Yes I have known Americans.

It's not the civilians and everday people who are the problem, they are the same as is in almost every aspect of life. It's the administration of the government and the different military agencies and security agencies that are the problem. CIA, FBI, NSA, Republican Government in power at this time...

I had a married-in grandmother who lived in Buffalo, NY state. She was one of the nicest people I've ever known and she wasn't even a blood relative! I had two friends who lived in Brooklyn, NY and one of them was witness to the 09/11 attacks. They came and visited shortly after that all happened. Here is one MAJOR difference in the mindset of the people North of the border compare to the South.

When my friends first arrived, they said they just could NOT believe how expensive the gas prices were. They are expensive as we all know that. I commented that they had to keep in mind they were pumped Litres not Gallons. She understood, made the conversion and still realized she paid ALOT less in the US for gas. So she said, and I quote, "Man you Canadians gotta get some F-16's over to some sandbox shithole and bomb some of those rag-head motherfuckers if they keep jackin' up your gas like that!"... Mind you, again, this was shortly after 9/11 which could have an obvious influence over her reactions. In anycase, I wouldn't doubt there are Canadians who wouldn't mind blowing some country to pieces to lower the gas prices. But for the most part, I do not believe most Canadians would KILL people over gas.

To make a long story shorter, it's not the civilians for the most part. It's the high-ranking military+administration+corporations. All the posts I've made in this thread were from my own personal thought and opinions and were expressed in such fashion. If you take offence to it, that's your choice or if you don't agree, that's your choice. Simple. That's why I created the thread, to see what people thought. I enjoy good constructive conversation about almost any topic. I will never belittle someone else for thier own opinion. We live in a free society with free speech. 
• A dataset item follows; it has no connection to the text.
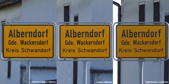 Vergleich des optischen Zooms mit dem "hochwertigen" digitalen und dem einfachen digitalen Zoom

So in short, yes, I do believe that the US will be the catalyst to the true World War 3. That's my opinion and since it's clearly stated in several posts and I've attained much feedback from many people here, I won't post to this thread again as it won't be of much use. Anyone want to slander me or talk more, send me a personal message or email me at JBP@Cogeco.ca

Joe
PS> I'm not afraid to stand up for what I believe in  

 :threat:


----------



## 1feral1 (16 Jun 2004)

I think radical extreme Islam is already the catalyst and when this war intensifies, and we are all closer to the beginning than the end of this war.

We are all entitled to our opinions, but Joe, take a second and think about if this happened in Canada, then maybe you would think different if thousands of innocent Canadians were murdered in such a cowardly fashion as our American friends were on 11 Sep 01.

Here in Australia we already know the loss with teh Kuta Beach bombings of 2002. We know what has to be done.

It wouldnt be over oil would it. It would be to ensure that this bent side of a religion and all who follow it are indeed stopped in their tracks to prevent any further action against your country.

Lets just get it overwith now, so our kids wont have to do what we are. All's I want is a secure future for our culture and our way of life, and there are people out there (yes right in your own country now) who want things different, and value DEATH as much as you and I cherish our own lives,a nd the lives of people we love.

Regards,

Wes


----------



## 1feral1 (16 Jun 2004)

Nearly forgot, our petrol prices both here in Australia and Canada have always been higher than the USA, and this is because of the taxing structure is different.

Regards,

Wes


----------



## ags281 (16 Jun 2004)

Wanna see expensive gas? Go to Europe. There's a reason scooters are popular there...


----------



## karpovage (17 Jun 2004)

Joe, I'll bite. You've got some good bait. If Britain didn't have ambitions to dominate the world Canada and the U.S. would never have come about. During the colonization age of history many countries sought expansion for natural resources. Some did it for perceived riches, some for economic and trade purposes, ie pure profit taking. In fact a European fashion demand for fur drove alot of the colonization of Canada and the U.S. in our early inception. So were the Brits evil people for being a militaristic society by defending the fur trade? keep in mind also that coal was a fossil fuel that was considered the blood that drove economies. So, do not consider oil evil in of itself. Oil is the blood that fuels our modern world. Oil IS a National Security Interest of the U.S. as is it of Canada. This is not based on a Republican or Democratic agenda, nor U.S. actions of the last decade. This is based on capitalism and industry and reality. In fact former President Jimmy Carter, a pacifist Democratic declared oil a National Security interest and risked sending U.S. Naval Warships to the Persian Gulf to escort oil tankers from the threat of Iranian interference. So, yes oil does drive America but Joe, oil drives every modern civilized country. And those third world countries that are trying to modernize rely on oil too.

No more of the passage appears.